Information provided —
──────────

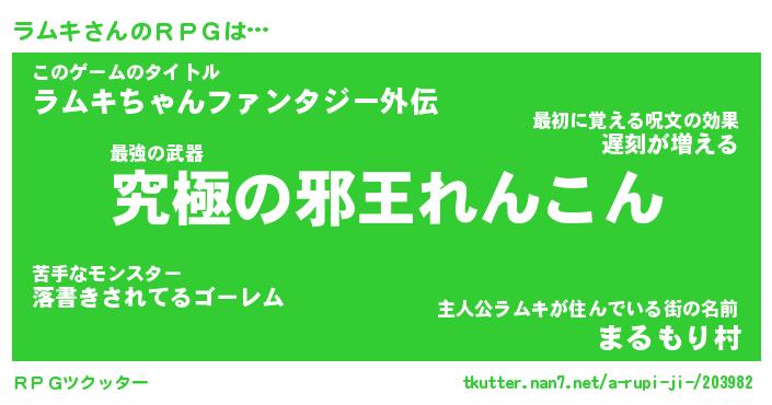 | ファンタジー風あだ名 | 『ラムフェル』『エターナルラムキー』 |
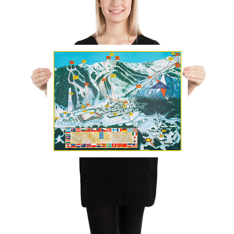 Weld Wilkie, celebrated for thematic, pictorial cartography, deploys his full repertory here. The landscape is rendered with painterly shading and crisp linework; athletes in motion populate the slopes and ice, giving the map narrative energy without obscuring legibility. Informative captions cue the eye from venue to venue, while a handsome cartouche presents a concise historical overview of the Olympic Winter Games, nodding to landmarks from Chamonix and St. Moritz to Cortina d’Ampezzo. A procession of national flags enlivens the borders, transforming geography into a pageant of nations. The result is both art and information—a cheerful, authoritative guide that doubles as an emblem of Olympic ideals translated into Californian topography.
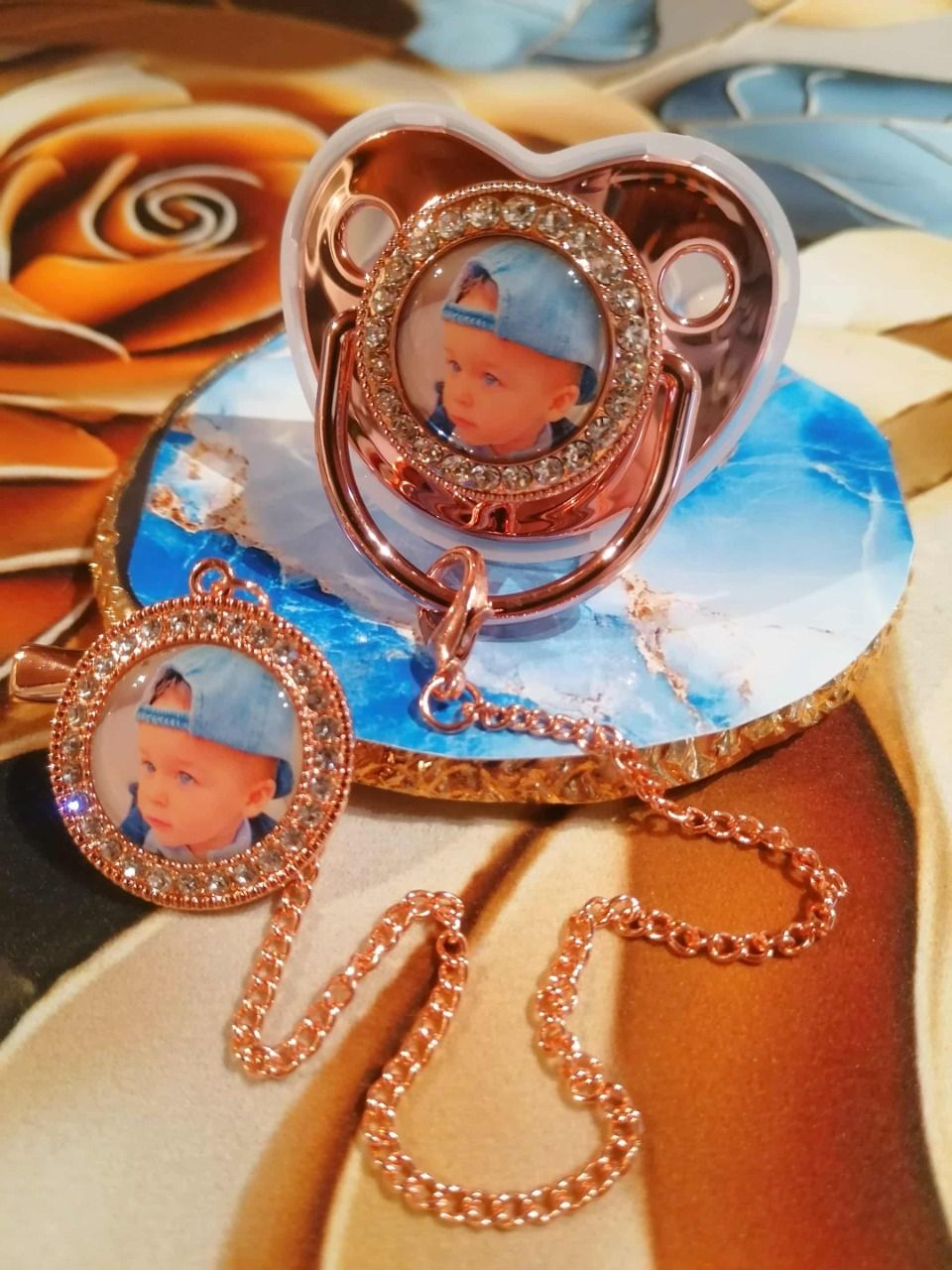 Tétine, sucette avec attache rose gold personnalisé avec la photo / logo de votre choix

──────────

Output the listing above exactly, excluding all pictures.

Solution for this problem —
 | ファンタジー風あだ名 | 『ラムフェル』『エターナルラムキー』 |
 Weld Wilkie, celebrated for thematic, pictorial cartography, deploys his full repertory here. The landscape is rendered with painterly shading and crisp linework; athletes in motion populate the slopes and ice, giving the map narrative energy without obscuring legibility. Informative captions cue the eye from venue to venue, while a handsome cartouche presents a concise historical overview of the Olympic Winter Games, nodding to landmarks from Chamonix and St. Moritz to Cortina d’Ampezzo. A procession of national flags enlivens the borders, transforming geography into a pageant of nations. The result is both art and information—a cheerful, authoritative guide that doubles as an emblem of Olympic ideals translated into Californian topography.
 Tétine, sucette avec attache rose gold personnalisé avec la photo / logo de votre choix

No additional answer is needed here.